W tym czasie znajomi omijają spokojnie wodospad, podążając ze swym nieco mniej temperamentnym trzylatkiem spokojnie w kierunku pieczątek, soczków i zup pomidorowych. A nam się zachciało wodospad oglądać! To przez Was, Drodzy Czytelnicy, prawdę mówiąc, bo zamiast się skupić na potrzebach Słonka, chciałam mieć ładne zdjęcia na bloga. Błąd. Po stokroć błąd.

A woda sobie płynie i nic sobie z wszelakich histerii nie robi. Szczęśliwa…

Ostatni rzut oka na Wielki wodospad. Po długiej dyskusji z trzyletnim mózgiem całkowicie zamglonym emocjami udaje nam się wyruszyć w pogoń za przyjaciółmi.

Na kolejnym etapie trasy histerii mamy jeszcze kilka. Ratują nas spotkane na szlaku pieski, schroniskowa motywacja i niestety chwilami baran. Jeśli jednak powiedziało się, że idziemy, to zawracanie nie ma najmniejszego sensu.

Jeżeli ktokolwiek z Was w tym miejscu zastanawia się “na cholerę oni to biedne dziecko po górach ciągają” albo “realizuje sobie, cholera jedna, własne ambicje” to odpowiem Wam tak: wolę nazwać to zaszczepianiem w dziecku pasji i miłości do gór. Bo jak mam zaszczepiać miłość do morza, skoro zupełnie go nie kocham? No to zaszczepiam to co potrafię.

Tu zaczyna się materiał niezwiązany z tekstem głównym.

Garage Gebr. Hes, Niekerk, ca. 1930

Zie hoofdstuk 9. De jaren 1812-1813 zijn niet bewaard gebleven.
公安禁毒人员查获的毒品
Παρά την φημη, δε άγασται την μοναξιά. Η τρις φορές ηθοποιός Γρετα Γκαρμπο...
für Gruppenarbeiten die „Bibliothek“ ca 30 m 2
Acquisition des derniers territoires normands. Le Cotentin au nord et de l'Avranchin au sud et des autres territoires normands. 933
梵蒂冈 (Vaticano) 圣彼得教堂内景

Dobra, my tu pitu pitu, a tymczasem dotarliśmy w bólach bo w bólach, ale jednak do kolejnego wodospadu: Skryty mu na imię. Cześć, Skryty! Miło Cię widzieć!

Poprzednim razem widzieliśmy się w 2007 roku, jesienią. Wyglądałeś wtedy tak, jak na zdjęciu niżej. Oj, wygląda na to, że nie tylko mnie przybyło parę kilo.  Choć ogólnie, z nas dwojga to raczej ja się bardziej postarzałam.

REINEROVA CHATA

No dobra, ostatni kawałek przed nami. Kto polubił wodospady na Zimnej Wodzie będzie nieco zawiedziony, bowiem więcej wodospadów nie widzieliśmy. Mapa mówi,  ze jest jeszcze jeden, zwany Małym, ale oddalony od szlaku, więc jak się zapewne spodziewacie z trzylatkiem raczej przegrana sprawa.

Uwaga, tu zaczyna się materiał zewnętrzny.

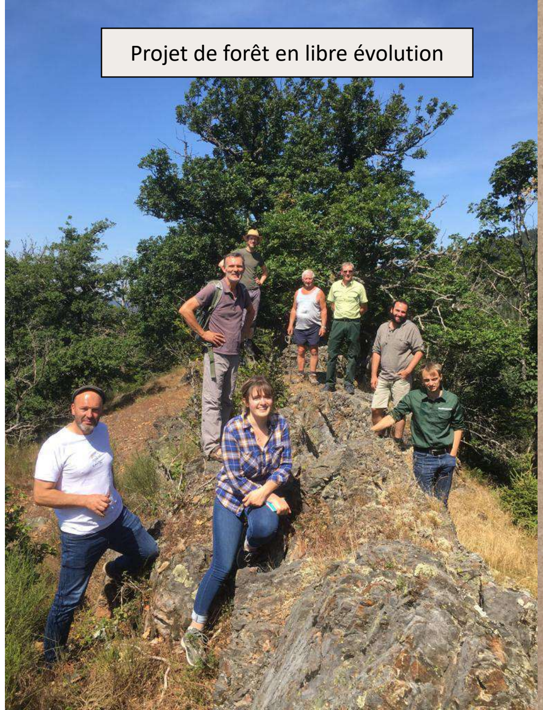
Projet de forêt en libre évolution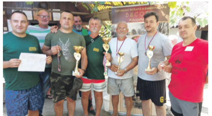
» Побједници Дана веселе машине

Првонаграђени су на дар поред диплома и медаља добили на дар умјетничке слике настале на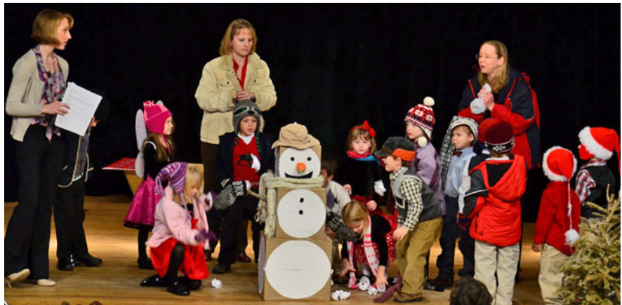
Bērnu dārzs un pirmskola priecājas par pirmo sniegu

Pēc kopīgi nodziedāta „Jūs, bērniņi, nāciet,” māc. Saivars svētbrīdī apcerēja domu, ka Ziemsvētku dāvanu meklēšana un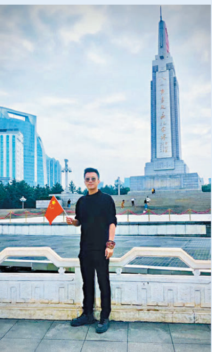
●作者在八一南昌起義紀念塔前拍照。

這周我路過南昌市，特意到地標建築「八一南昌起義紀念塔」拍照打卡，致敬先輩。塔的正北面是「八一南昌起義紀念塔」九個銅胎鑲金大字，另外三面分別是「宣布起義」「攻打敵營」「歡呼勝利」三幅大型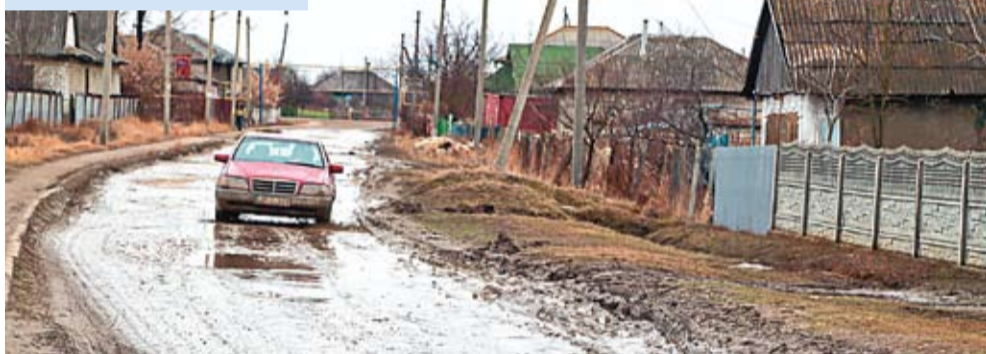
К осени в коммуне Гура Галбенеи дорога будет на уровне европейских стандартов.

бабушка. Я уже большой», – хвастает Лучиан, мальчик из подготовительной группы. Его бабушка, она же воспитательница в детском саду, говорит, что когда мальчик был маленьким, носила его на руках до детского сада, а сейчас внуку приходится самому месить грязь, добираясь до места назначения.

Naszym celem jest teraz Reinerova Chata. Szlakowskaz mówi 10 minut. Noszzzzzzz, ku&*a to było naprawdę najdłuższe 10 minut mojego życia. Trwało co najmniej z pół godziny. I nawet nie chodzi o trzyletniość naszego trzylatka. Po prostu Ci Słowacy chyba jakoś mega szybko chodzą. Dziwne te czasy i zupełnie nierealne. Baran musiał jednak wziąć udział w naszej wycieczce, bo bez niego byłoby krucho. To zdecydowanie nie nasza pierwsza wycieczka w góry, ale pierwsza z takimi problemami. Być może pora była zbyt drzemkowa, może po prostu dzień nie taki, a może emocji za dużo… Trudno wyczuć.

Najważniejsze, że po jakże mozolnym podejściu po prawie płaskiej ścieżce wreszcie dotarliśmy do Reinerovej Chaty, czyli najstarszego schroniska w Tatrach. Wybudowane w 1863 roku widziało już zapewne bardzo wiele.

12 lat temu Reinerova prezentowała się tak:

Znacznie milej się prezentowała, bowiem w listopadzie 2007 poza nami nie było tu nikogo. Wypiliśmy wtedy gorącą herbatkę, obejrzeliśmy dokładnie wszystkie schroniskowe trofea. Mieliśmy czas na pogawędkę i zadumę. Tym razem natomiast walczyliśmy z tłumem o ostatnie Horalky, przebiegaliśmy trzyletni slalom między turystami i ostatkiem sił udało nam się jednak opieczętować dłonie, choć na zdjęcie rodzinne tym razem mocy nie starczyło.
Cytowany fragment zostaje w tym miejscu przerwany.